Esas libertades básicas derivan de la dignidad humana, punto de mira de cualquier enfoque o decisión que afecte a otros. Forma parte esencial del optimismo antropológico de los cristianos: la condición de hijos de Dios prevalece sobre su evidente capacidad para el mal. Lo trató a fondo Juan Pablo II en Sollicitudo rei socialis, al final de 1987. Basten unas palabras del n. 47: “no se justifican ni la desesperación, ni el pesimismo, ni la pasividad. Aunque con tristeza, conviene decir que, así como se puede pecar por egoísmo, por afán de ganancia exagerada y de poder, se puede faltar también —ante las urgentes necesidades de unas muchedumbres hundidas en el subdesarrollo— por temor, indecisión y, en el fondo, por cobardía.
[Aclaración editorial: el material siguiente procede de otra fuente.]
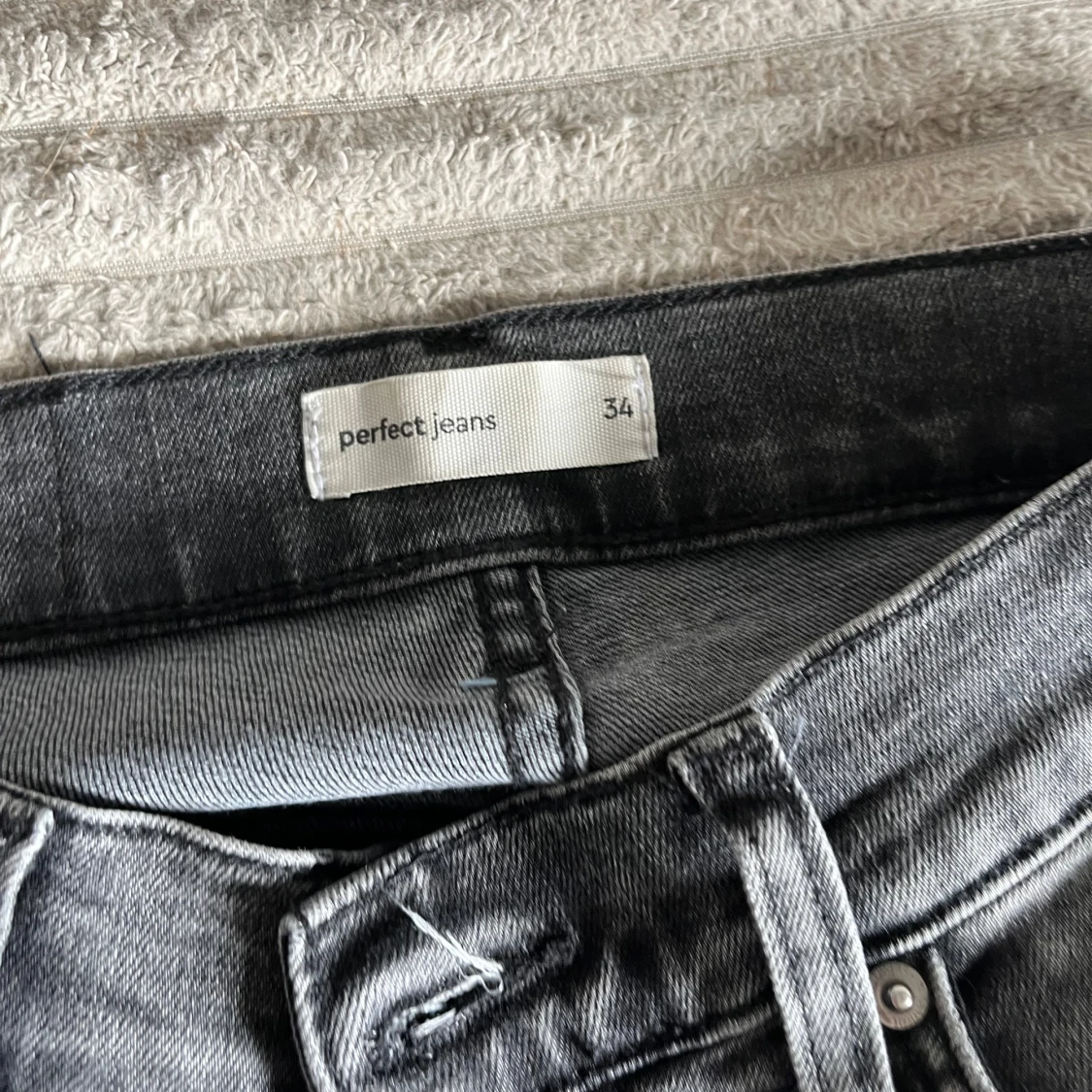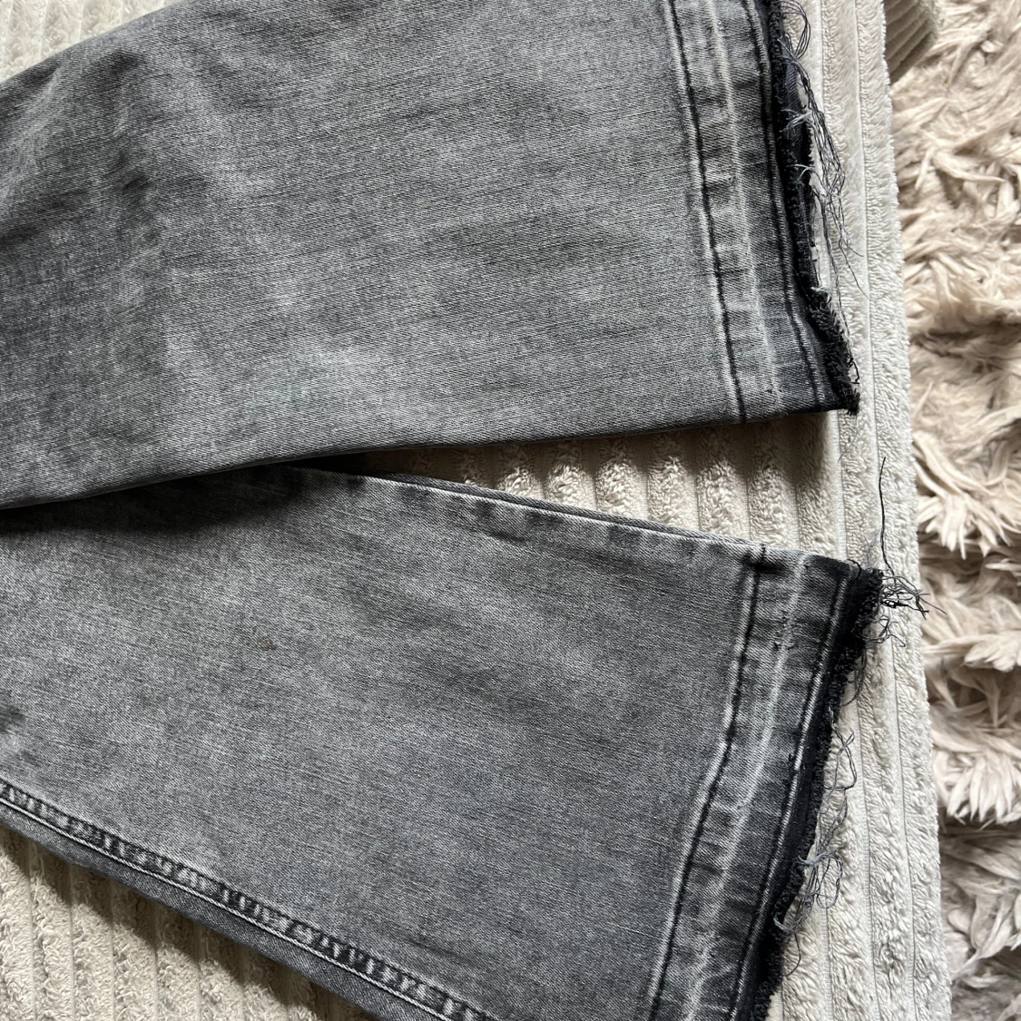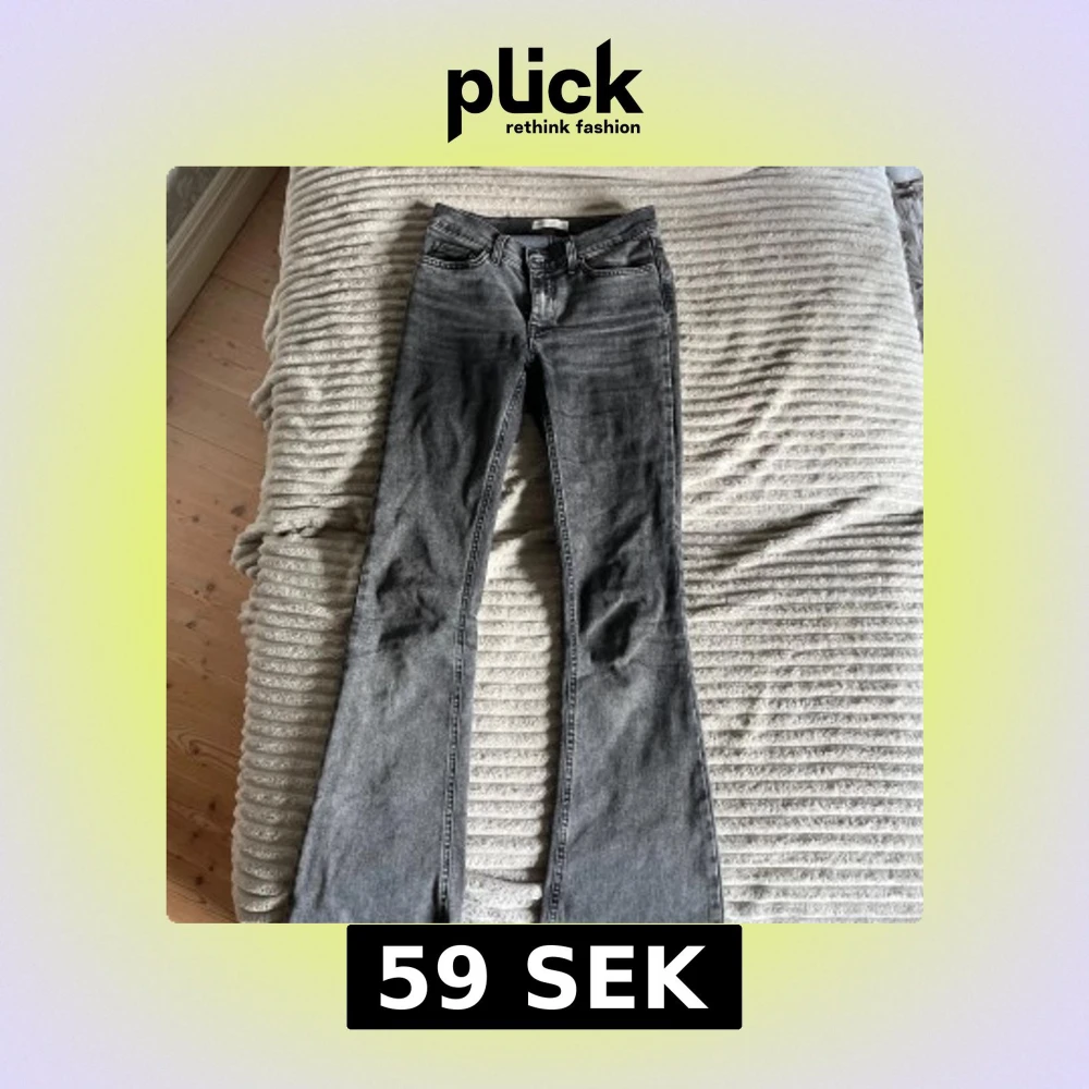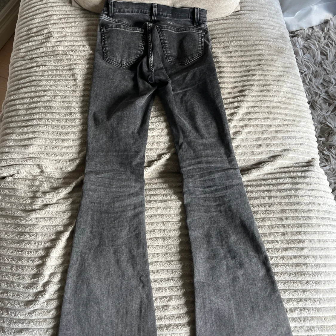 Snygga svartgråa jeans från ginatricot med medelhög midja med utsvänga ben. Har sprättat upp dom längst ner så dom blir längre. Säljer då dom inte kommer till användning längre! Storlek 34

Todos estamos llamados, más aún obligados, a afrontar este tremendo desafío de la última década del segundo milenio. Y ello, porque unos peligros ineludibles nos amenazan a todos: una crisis económica mundial, una guerra sin fronteras, sin vencedores ni vencidos. (…) Pero éste no es el único ni el principal motivo. Lo que está en juego es la dignidad de la persona humana, cuya defensa y promoción nos han sido confiadas por el Creador, y de las que son rigurosa y responsablemente deudores los hombres y mujeres en cada coyuntura de la historia”.

La DSI defiende esa dignidad frente a embates como los de la "cosificación" del trabajo humano concebido como mero instrumento de producción, o la "biologización" ante la concepción y la muerte, o, en fin, las discriminaciones por naturaleza, origen, vocación o destino

No anula diferencias y desigualdades de hecho, también naturales (por ej., enfermedades o defectos congénitos). Pero rechaza la injusticia de suprimir o reducir la libertad en nombre de la igualdad o de la propia justicia (aparte de la triste experiencia histórica del rápido surgimiento de nomenklaturas). Dar a cada uno lo suyo no coincide con dar a todos lo mismo, aunque el derecho, objeto de la justicia, es algo debido ad aequalitatem, como expresó Tomás de Aquino.

En todo caso, según recuerda el Compendio de Doctrina social de la Iglesia, 48, “la persona humana no puede y no debe ser instrumentalizada por las estructuras sociales, económicas y políticas, porque todo hombre posee la libertad de orientarse hacia su fin último”.